Land, diversity key to building a successful property portfolio

Financial independence based on property usually requires at least three productive assets in a portfolio, but a few tips need to be followed to achieve that goal.

Newly built contemporary townhouses in Melbourne.
Buying the right block of land opens the door for higher density developments and boosting property portfolio returns. (Image source: Shutterstock.com)

Around 2.2 million Australians own an investment property. Of these, the majority (70 per cent) own just one.

The reality is that financial independence can’t be achieved by owning one investment property. While everyone has different needs and definitions of financial independence, for most people they are going to need at least three or more properties to attain financial independence.

Only a small minority (10 per cent) of property investors own three or more investment properties.

What separates the majority from the more successful minority?

The majority of investors will tell you their criteria is all about location, location, location.

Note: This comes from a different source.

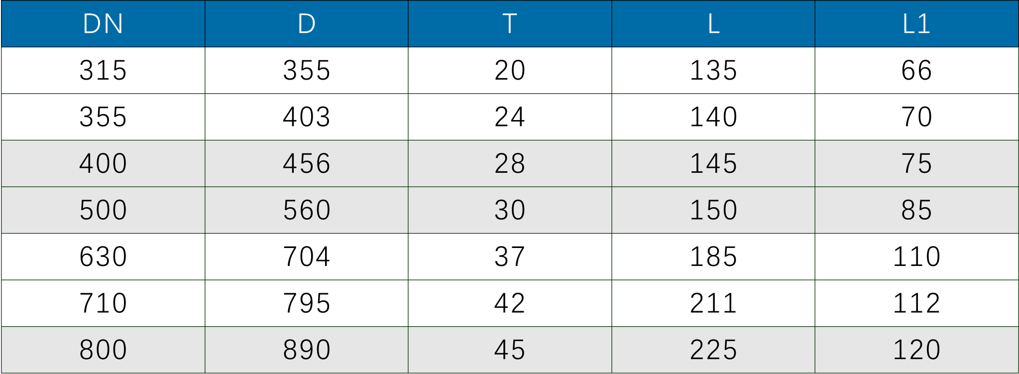 FX Series electrofusion 90° elbows are made of PE100 high-density polyethylene raw material, with a size range from 63 mm to 315 mm and a pressure rating of PN16.

Yes, location is one of the aspects you should consider, but there are two others that are just as, if not more important; land content and timing.

The minority therefore will tell you it’s about land content, timing and location.

When it comes to investing in property, location is not about “picking the worst house in the best street” as you’ll hear many pundits suggest.

That’s perhaps more relevant when choosing a home to live in.

What’s most important when it comes to property investment is choosing a block of land with a house on it, rather than a unit or townhouses.

The median house price has increased in Sydney by a multiple of seven over the past 30 years. Land has increased by double that rate. Despite this, the majority of investors buy units.

Land component is a crucial aspect to consider when investing.

It is the part of your investment that will actually grow in value. The building on the land, which you need to rent out to secure those all-important weekly rental payments, will start depreciating in value from the moment it is built.

But land, which is a finite resource, continues to grow in value. And the higher the land component the more options you have of doing something with it in the future to value-add to your investment. That could be in the form of a granny flat, subdividing the land or, if it’s big enough, developing something higher density.

The next most important criterion for investment is to buy at the right time of the cycle. Property markets move in cycles. The median house price roughly doubles every 10 years, but the majority of the growth will happen in a two-to-four-year window.

You could have bought in Sydney in 2004 and seen just 4 per cent growth through to 2011. If you bought in 2012, you would have seen a whopping 63 per cent growth through to 2015. Getting the timing right can be crucial.

Once you have all that lined up the timing is perfect. You can move ahead and buy the right investment property for your portfolio as soon as it comes up.

You don’t have to invest in an area you want to live in, it doesn’t even need to be in the same city you live in. The best way to successfully invest in property is to obtain a property that will grow in value and one that tenants want to rent.

Locating the right property

Once we have settled on the market that most suits us from a timing perspective, it is then down to location. Specifically, a location that is close to good amenities, jobs and infrastructure. This will mean it has a growing population and therefore demand for housing over time.

That’s why we suggest looking at locations close to good job nodes, things such as hospitals, major shopping centres, schools and universities that hire hundreds of people.

Also, it’s important to pick somewhere that has good public transport so renters have options for travelling in and out of the area and don’t have to wait hours for a bus or train or always rely on their car.

One in two property investors don’t own their land, nearly half of all property investors buy within a short distance of their own home, and most investors don’t own property in different capital cities, meaning they are only benefiting from the cycles of one market.

Article Q&A

How many properties do you need to own for financial independence?

Around 2.2 million Australians own an investment property. Of these, the majority (70 per cent) own just one. While everyone has different needs and definitions of financial independence, for most people they are going to need at least three or more properties to attain financial independence.

How do you build a property portfolio?

The majority of investors will tell you their criteria is all about location, location, location. Yes, location is one of the aspects you should consider, but there are two others that are just as, if not more important; land content and timing.